Hay un pequeño grupo que vive instalado en el enojo permanente contra la Presidenta de México. Su territorio natural son las redes sociales, donde cada gesto, cada decisión, cada palabra se convierte en motivo de indignación. Para ellos, Sheinbaum es la encarnación de todo lo malo: el declive del país, el fin de la democracia, etc…

No hablo de la crítica seria, la que señala errores, exige cuentas y celebra avances cuando los hay. Esa crítica es indispensable para cualquier democracia. Hablo de los que han levantado un muro ideológico y, detrás de él, ven todo con los mismos ojos: Morena, López Obrador, Sheinbaum o Noroña son lo mismo. El matiz desaparece porque el odio se ha vuelto un filtro total.

Los matices importan. El viejo PRI tuvo sus vicios y excesos, pero nadie podría equiparar a Beatriz Paredes con Carlos Salinas o a Cuauhtémoc Cárdenas con Díaz Ordaz. Del mismo modo, en el PAN sería absurdo comparar a Castillo Peraza con las dirigencias actuales. La política mexicana, con todos sus defectos, siempre ha tenido diferencias internas que impiden el reduccionismo absoluto.

Algunos de los enojados más sofisticados justifican su condena total con un argumento central: la reforma judicial. Afirman que, si eso está mal, nada puede estar bien. Olvidan que la guerra contra el narco de Calderón o el saqueo del erario con Peña Nieto tampoco les llevaron a desechar todo lo demás. La reforma judicial fue un error serio, nacido del hígado de López Obrador y heredado a este gobierno, pero no es el prisma que define por completo a la administración.

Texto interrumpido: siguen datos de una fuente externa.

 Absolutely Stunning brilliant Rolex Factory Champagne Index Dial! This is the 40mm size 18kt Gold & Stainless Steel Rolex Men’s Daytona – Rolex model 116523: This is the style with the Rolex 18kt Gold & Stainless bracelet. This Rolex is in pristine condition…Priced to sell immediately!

“Nunca hemos estado peor”, dicen. Pero la realidad no confirma esa sentencia: la economía no atraviesa una crisis, la pobreza ha disminuido en términos estadísticos y la violencia —aunque sigue siendo el gran drama nacional— comienza a mostrar un enfoque distinto al de sexenios pasados. Sheinbaum no es AMLO: no polariza en su discurso, no grita, no hace del pleito un método de gobierno. Ha optado por un tono institucional, por un estilo más sobrio, incluso por rodearse de perfiles más moderados que los que dominaron el obradorismo.

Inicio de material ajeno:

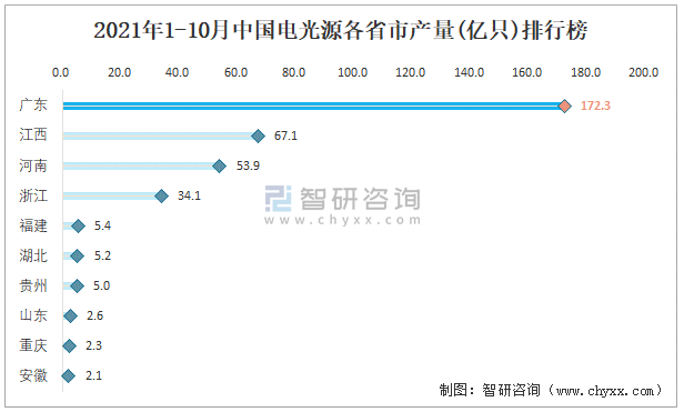2021年1-10月中國電光源產量為356.5億只 華南地區產量最高(占比48.32%)

Entonces, ¿de dónde viene tanto enojo? Quizás del desplazamiento de ciertas élites que ya no son interlocutores privilegiados del poder. Quizás de la sensación de que su visión de país se ha desmoronado y que el relato nacional ya no les habla. Los viejos cafés de Polanco, las sobremesas donde se imaginaba un México a imagen y semejanza de unos cuantos, hoy son recuerdo. Lo que ha cambiado no es su posición económica —que sigue siendo cómoda—.

Quizás el México que sienten perdido no sea el país real, sino el relato que sostenía su mundo. Un México que reflejaba sus aspiraciones de vida y de clase, donde el espejo nacional les devolvía siempre su propia imagen. Hoy se sienten fuera del relato y les irrita que la nueva narrativa del poder no pase por ellos, sino por sectores sociales que consideran ajenos, incluso indeseables. El país que anhelaban era aspiracional pero excluyente, construido por y para las élites.

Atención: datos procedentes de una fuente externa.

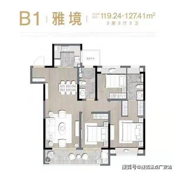 这款约122㎡是大三房设计,户型方正,三开间朝南,次卧与客厅共享双联阳台,主卧与北次卧带飘窗。

La realidad, sin embargo, no ha cambiado de manera drástica para ellos. La pobreza ha disminuido, el discurso público es más inclusivo, pero las desigualdades persisten y la correlación entre clase social y color de piel sigue siendo una herida abierta. Cuesta trabajo creer que la vida cotidiana de la mayoría de los enojados haya empeorado con la nueva administración. Entonces, ¿de dónde viene tanto enojo?

Tal vez del huracán discursivo que fue López Obrador. Su estridencia, a veces necesaria para sus fines políticos, otras tantas vengativa y excesiva, abrió heridas que todavía supuran. En el caso de ciertos periodistas, incluso puso en riesgo su seguridad y la de sus familias: ahí el enojo se entiende, aunque no corresponda ya al estilo de esta nueva administración. Pero quizá también hay otros enojos menos justificables: el rechazo total a compartir aunque sea una mínima porción del privilegio con la otredad.

Como sociedad convendría detenernos a pensar en esta doble cara: los excesos de los morenistas, que marcaron -y marcan desde algunas trincheras- la conversación con una polarización innecesaria, y el enojo desmedido de una minoría que ha confundido crítica con resentimiento. Tal vez lo que haga falta sea soltar un poco la presión, reconocer matices, volver a mirar la realidad sin el filtro del odio.

Puedes estar o no de acuerdo con Claudia Sheinbaum. Puedes señalar errores, cuestionar decisiones, exigir mayor claridad. Lo que parece desproporcionado es el enojo absoluto de ese grupo reducido que ha decidido odiar por sistema. Porque este no es un gobierno radical ni estridente; con todos sus claroscuros, es un gobierno que ha optado por la civilidad.